Learning to let down came to me through facing into my fears that made me tense and afraid. How did I start learning how to do that? It took years of learning to let love in—from God and from family and friends who showed me they cared about me even if I wasn’t perfect. Then I met Stephen, and he has liked and loved me even when I fail or get afraid again. Setting the record straight that I was worth being loved and pursued by a man had to come from God helping me get the lie out of my heart that I was not good enough. Guys flock to confidence, and insecurity pushes them far away. I wasn’t completely confident, but I learned to fake it until I made it and to know that pretty good was fine.
My husband’s patience and easy-going personality is a helpful contrast to my more structured and easily afraid tendencies; learning how to think differently from living life with a more relaxed person has helped so much.
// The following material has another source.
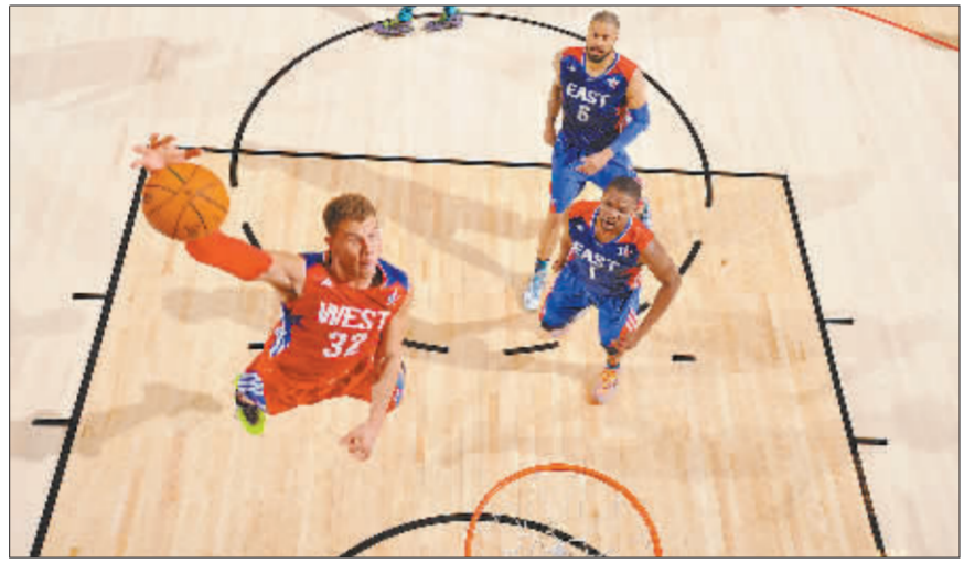
2月18日，格里芬在全明星正赛上暴扣。

“现在事情就算告一段落了，但隐患还在，就是前面的审判加这次的处罚，大多是因为行贿受贿和操纵比赛，对于赌球的处理不多。实际上，这是对足球危害最大的一种行为，也是现代足球运动发展最大的毒瘤，最近一些足坛的大案，全都是赌博集团操纵的。”一位体育法学专家告诉记者，“关于‘贿赂’和‘不正当交易’，足协《罚则》里面都有涉及，实际上，对‘赌博’也有界定，包括有构成违法犯罪的移交有关部门处理，但这远远不够。所以，这次行业处罚无论轻重，总算是有个交代，保护俱乐部也好，维护联赛秩序也好，都已经这样就没法追究了，但是现在，一定要作好各种防范，特别是建立健全法规制度，等到出了问题再后悔就不好办了。” 本报北京2月18日电

He hugs me, reassures me that I’m fine, and it sticking!
Trusting God’s Timing and Don’t Judge
God knew who I needed to marry; I wish I had met Stephen earlier, but when God had me meet him four years ago, my attitudes were not healthy enough yet to try, so I wrote him off as a “boring suburbanite” and so the whole journey took longer. (If you want to read more of the story, check it out here: Our Engagement Story). When I look back at the thread-thin connections of where Stephen and my paths crossed, it amazes me that we are together. Having judged Stephen, thought he wasn’t good enough for me, and then realizing that he was way above my league, taught me humility. Us, more type-A responsible older sisters sometimes judge people too quickly. Younger sisters tend to be more relaxed and open, and that attitude really helps with building a love connection. No one is perfect, so we have to settle in some areas about what we want; however, we should hold out for our top desires in a mate.
Being Willing to Risk Love
When guys were always flocking to my younger sister, it is easy to start believing that there is something was wrong with me, and that made it even harder to risk love. I had to lay down feeling rejected, and just try putting myself out in the dating world. Online dating helped me learn how to read “guy signals.” I had been so afraid before, I could hardly tell if a guy was just wanting to be friends or if he liked me. On online dating, if a guy is talking to you, that clearly means he is at least a little attracted to you. Getting clear signals and just practicing helped me grown in confidence with dating. Then I let myself relax and just try, and then when I reconnected with Stephen I knew how to show him I liked him, and it worked! We dated ten months, were engaged ten months, and now have been married for six months, and he gets better and better! I am so thankful I chose to risk letting love into my life. Life is mush messier now—I am having more of my stubborn and icky edges knocked off by Stephen, but it is so worth it.
Writing the article “My Younger Sister is Getting Married, and I’m Still Single” helped me process what I had been feeling and just enjoy my sister’s wedding, and I’m so thankful it has helped other older sisters wrestling with similar situations. Trusting God to guide me exactly where He wants me has been a challenge, but following Him lead me to Stephen and the life I’ve always wanted. Have hope—if you are asking God for a husband, let down, relax, try dating, and see what happens. Exciting times await in 2017.